Social and sustainability bond issuance rose to a record level in the second quarter, with a combined $16.7 billion of issuance. The $30 billion of combined first-half social and sustainability bond issuance represents a 103% increase over the same period last year.
Previously, International Finance Corporation (IFC), a member of the World Bank Group, reported with about 1.2 billion more people expected to live in Asian cities in 35 years, the cities have the potential to attract more than $20 trillion in climate-related investments in six key sectors by 2030.
The agency analyzes climate-related targets and action plans in six regions, identifying opportunities in priority sectors such as green buildings, public transportation, electric vehicles, waste, water, and renewable energy.

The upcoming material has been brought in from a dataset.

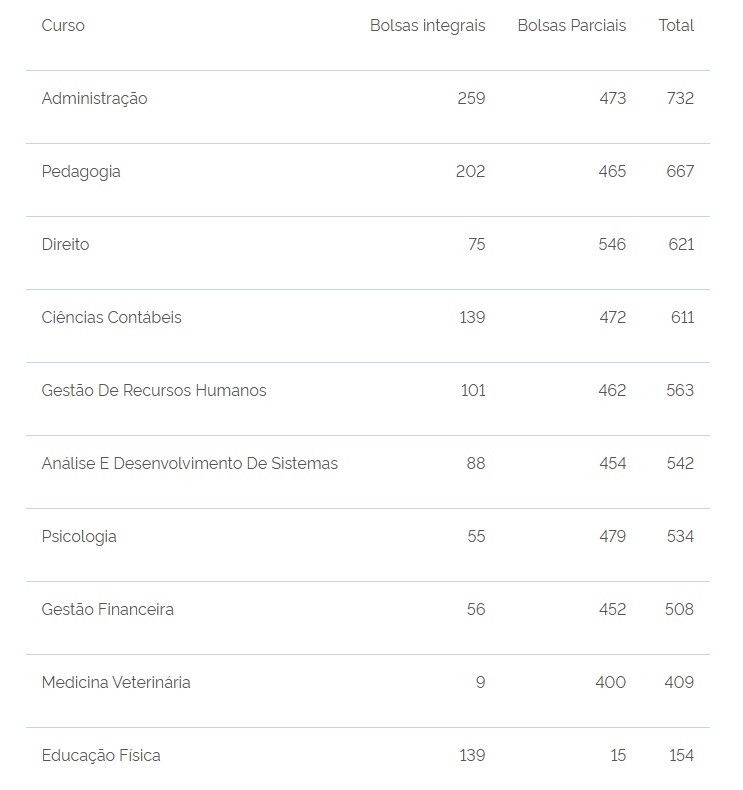 O curso de graduação com o maior quantitativo de bolsas ofertadas no estado é Administração com 732 bolsas, sendo 259 integrais e 473 parciais. Depois dele, os dois cursos com as maiores ofertas são: Pedagogia, com 667 bolsas (202 integrais e 465 parciais), e Direito, com 621 bolsas (75 integrais e 546 parciais).

It highlights innovative approaches that cities are already using—such as green bonds and public-private partnerships—to attract private capital and build urban resilience.
It says with its plans, policies and projects, the Asia Pacific region has the highest climate smart investment potential of any region in the world, with by far the biggest opportunity in green buildings, estimated at a US$17.8 trillion opportunity by 2030.
IFC Regional Director for East Asia and the Pacific, Vivek Pathak stated, “In Jakarta, there’s about $30 billion investment opportunity, particularly in green buildings, electric vehicles and renewable energy. The report shows mega-cities in Asia also have significant potential for investments that yield emission reductions.”
Globally, green buildings will account for $24.7 trillion of cities’ climate investment opportunities. Significant investment potential exists in low-carbon transportation solutions such as energy-efficient public transport ($1 trillion) and electric vehicles ($1.6 trillion). At the same time, clean energy ($842 billion), water ($1 trillion) and waste ($200 billion) remain essential components of sustainable urban development.
In Asia Pacific, the report estimates the investment potential in green buildings is $17.8 trillion, in waste $104 billion, public transport $352 billion, renewable energy $407 billion, climate-smart water $571 billion, and electric vehicles $783 billion.